**Records from a data source:**
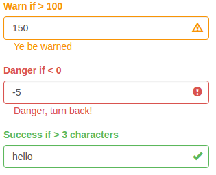 When the above input is >=2, both feedback*() function conditions are TRUE, but Only the feedbackDanger() is displayed because it is called after the feedbackWarning().
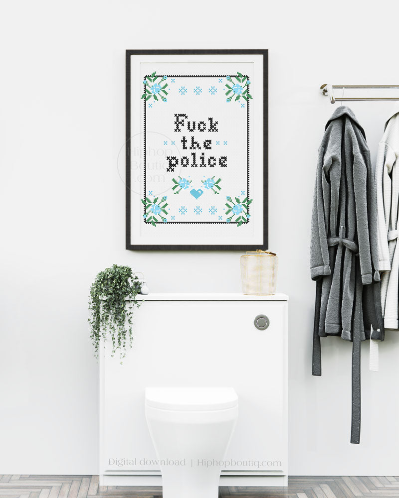 This funny rap cross stitch is a must-have decor for any hip hop themed bathroom! Make your friends laugh by adding a touch of gangsta to your bathroom walls – guaranteed fun for any guest.
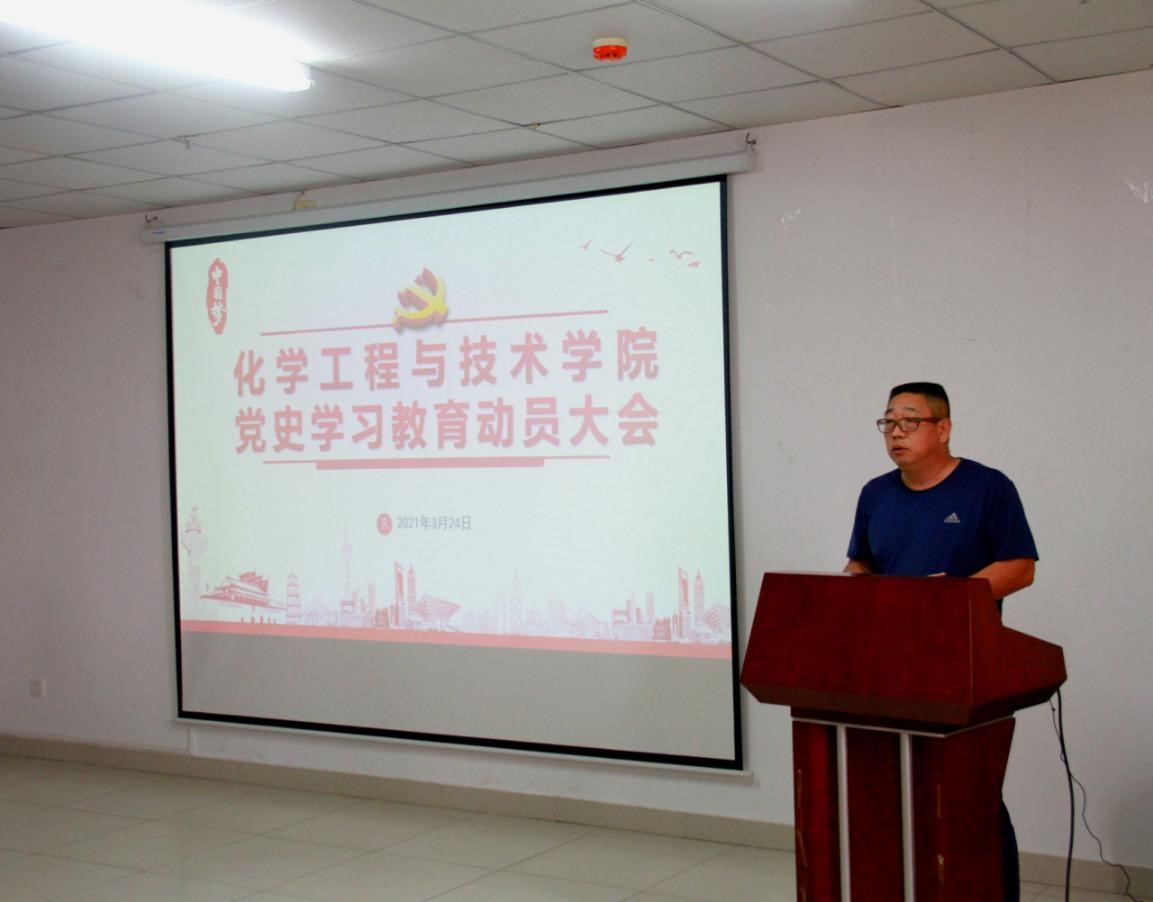 为深入学习贯彻习近平总书记在党史学习教育动员大会的重要讲话精神,落实好党中央和省委、校党委的决策部署,高质量开展好党史学习教育,3月24日下午,欧乐影院 化学工程与技术学院于研发楼710召开了党史学习教育动员大会,学院党委书记冯广波、党委副书记王林桂、学工办主任王克岩及全体学生党员参加本次会议,党建组织员陈蕾蕾老师主持会议。
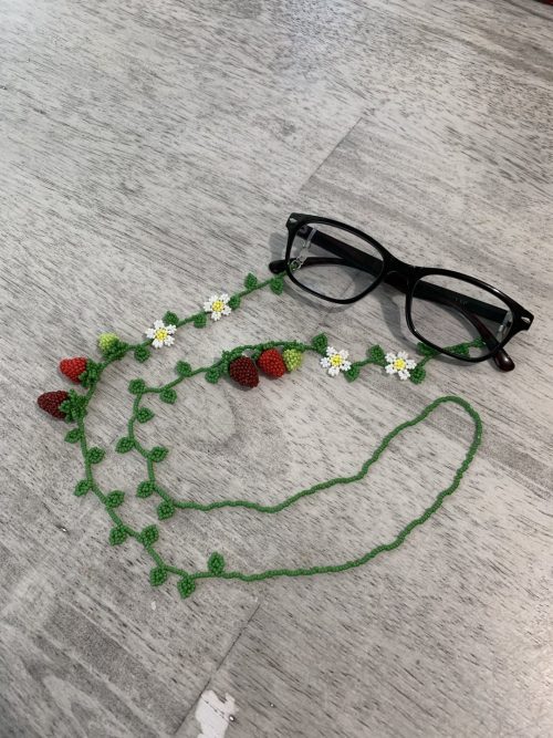 Sweeten your accessory game with this adorable beaded vine featuring tiny strawberries and white blossoms. You can do this to add a fruity pop to your frames.
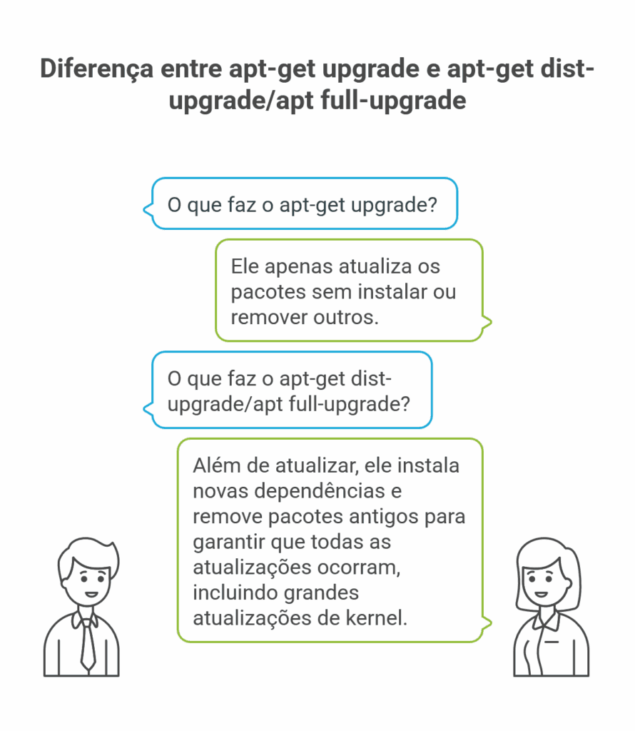 Recomenda-se usar upgrade para tarefas de rotina, e full-upgrade/distr-upgrade antes de grandes atualizações ou após mudanças de repositório.
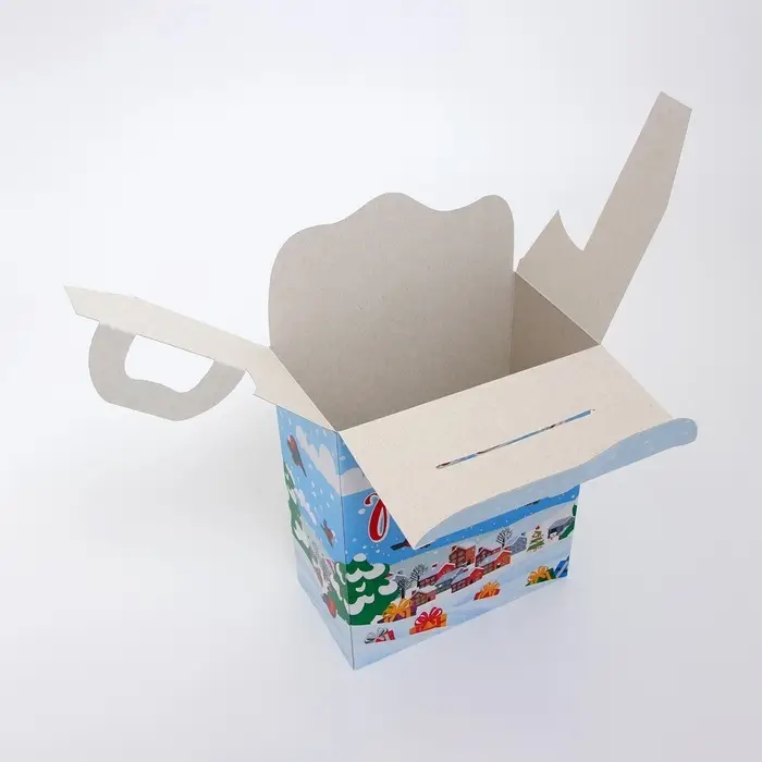 Коробка выполнена из качественных материалов, которые обеспечивают сохранность содержимого. Она имеет яркий и красочный дизайн, который отражает атмосферу Нового года.

**Problem statement:**
Word for word, set down every record, keeping the images out.

**Exercise response:**
 When the above input is >=2, both feedback*() function conditions are TRUE, but Only the feedbackDanger() is displayed because it is called after the feedbackWarning().
 This funny rap cross stitch is a must-have decor for any hip hop themed bathroom! Make your friends laugh by adding a touch of gangsta to your bathroom walls – guaranteed fun for any guest.
 为深入学习贯彻习近平总书记在党史学习教育动员大会的重要讲话精神,落实好党中央和省委、校党委的决策部署,高质量开展好党史学习教育,3月24日下午,欧乐影院 化学工程与技术学院于研发楼710召开了党史学习教育动员大会,学院党委书记冯广波、党委副书记王林桂、学工办主任王克岩及全体学生党员参加本次会议,党建组织员陈蕾蕾老师主持会议。
 Sweeten your accessory game with this adorable beaded vine featuring tiny strawberries and white blossoms. You can do this to add a fruity pop to your frames.
 Recomenda-se usar upgrade para tarefas de rotina, e full-upgrade/distr-upgrade antes de grandes atualizações ou após mudanças de repositório.
 Коробка выполнена из качественных материалов, которые обеспечивают сохранность содержимого. Она имеет яркий и красочный дизайн, который отражает атмосферу Нового года.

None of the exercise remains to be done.